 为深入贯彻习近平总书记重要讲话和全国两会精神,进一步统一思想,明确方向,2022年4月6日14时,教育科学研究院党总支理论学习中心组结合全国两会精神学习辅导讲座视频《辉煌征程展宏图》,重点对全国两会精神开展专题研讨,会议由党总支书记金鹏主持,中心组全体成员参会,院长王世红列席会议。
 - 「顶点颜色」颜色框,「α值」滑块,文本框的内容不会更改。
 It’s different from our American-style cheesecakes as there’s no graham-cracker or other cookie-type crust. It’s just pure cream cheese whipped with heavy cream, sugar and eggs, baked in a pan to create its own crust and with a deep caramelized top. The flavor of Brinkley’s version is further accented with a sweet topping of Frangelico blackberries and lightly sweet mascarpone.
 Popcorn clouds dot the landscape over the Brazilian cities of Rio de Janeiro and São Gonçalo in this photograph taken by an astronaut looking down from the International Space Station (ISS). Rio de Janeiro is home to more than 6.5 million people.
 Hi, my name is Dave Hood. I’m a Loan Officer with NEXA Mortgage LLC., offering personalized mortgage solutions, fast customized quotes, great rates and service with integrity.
____
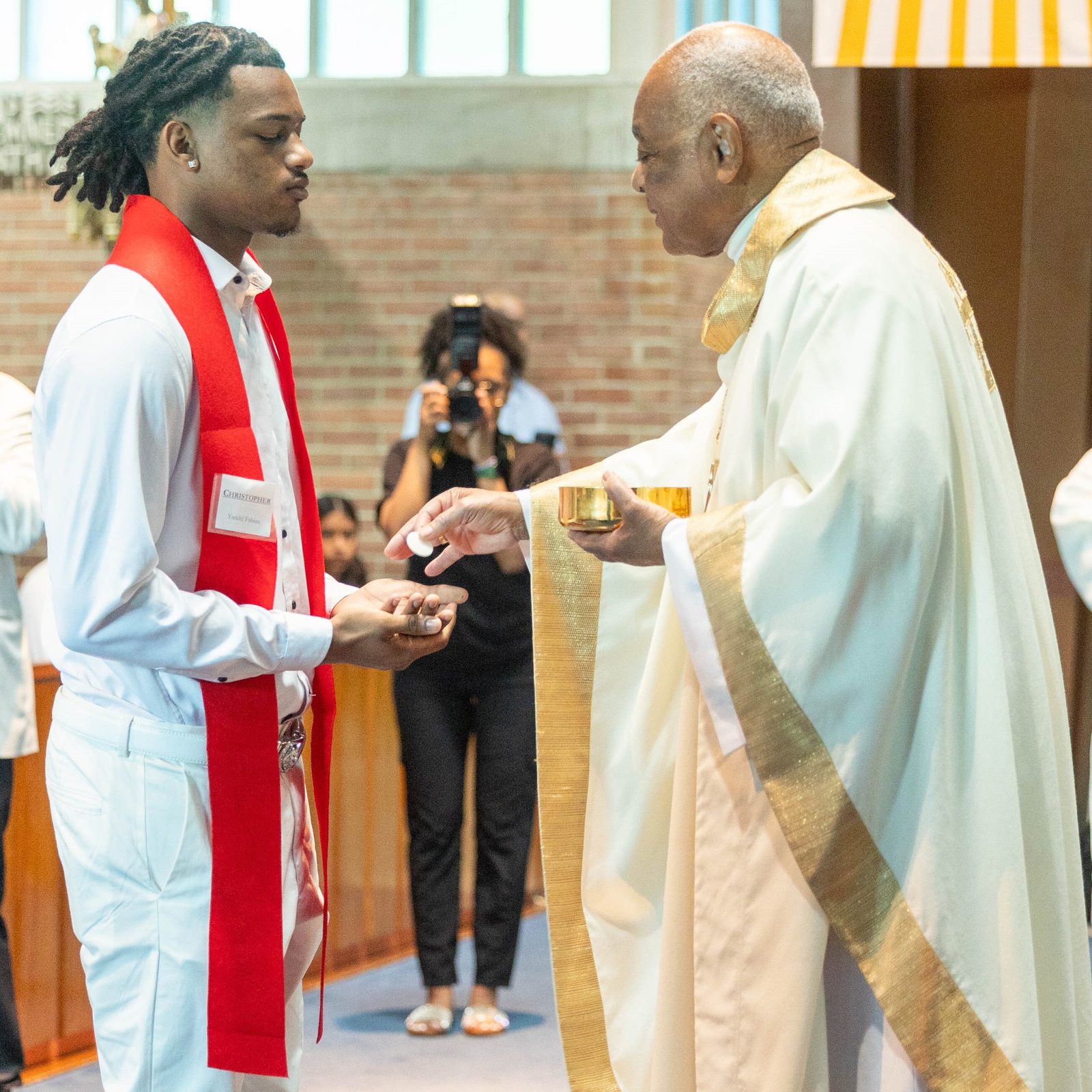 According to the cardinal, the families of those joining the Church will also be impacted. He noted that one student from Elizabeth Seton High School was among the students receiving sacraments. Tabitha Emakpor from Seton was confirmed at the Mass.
____
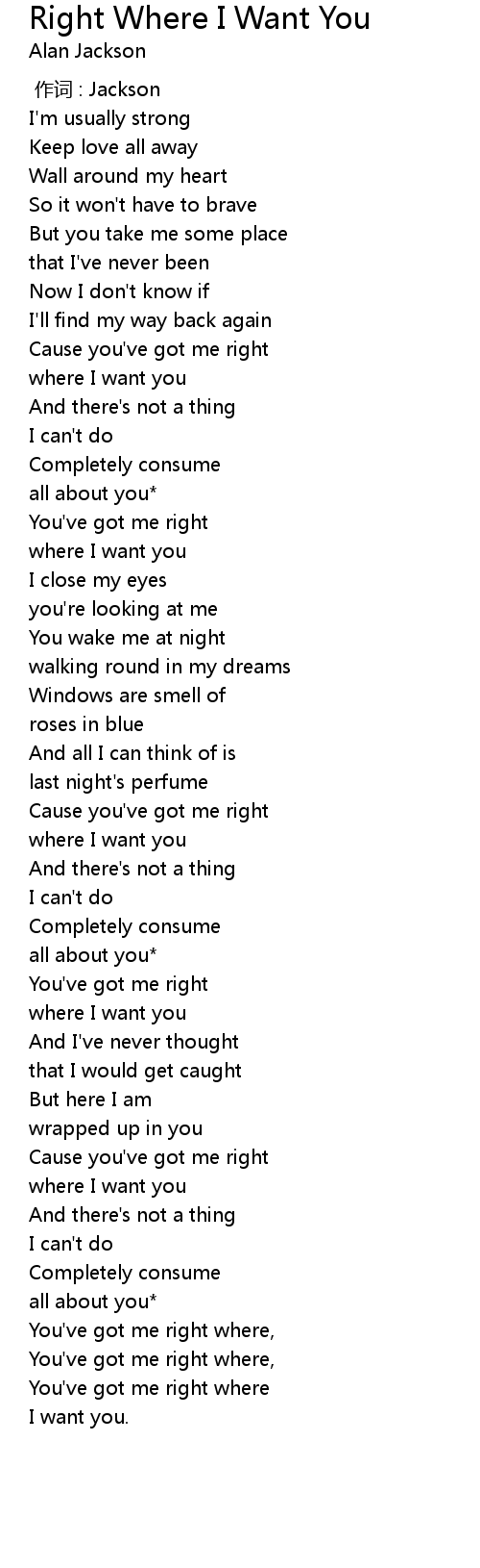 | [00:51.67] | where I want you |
____
Instructions to follow =>
Please show the lines in the entries above that hold the string "with".

Task response =>
 It’s different from our American-style cheesecakes as there’s no graham-cracker or other cookie-type crust. It’s just pure cream cheese whipped with heavy cream, sugar and eggs, baked in a pan to create its own crust and with a deep caramelized top. The flavor of Brinkley’s version is further accented with a sweet topping of Frangelico blackberries and lightly sweet mascarpone.
 Hi, my name is Dave Hood. I’m a Loan Officer with NEXA Mortgage LLC., offering personalized mortgage solutions, fast customized quotes, great rates and service with integrity.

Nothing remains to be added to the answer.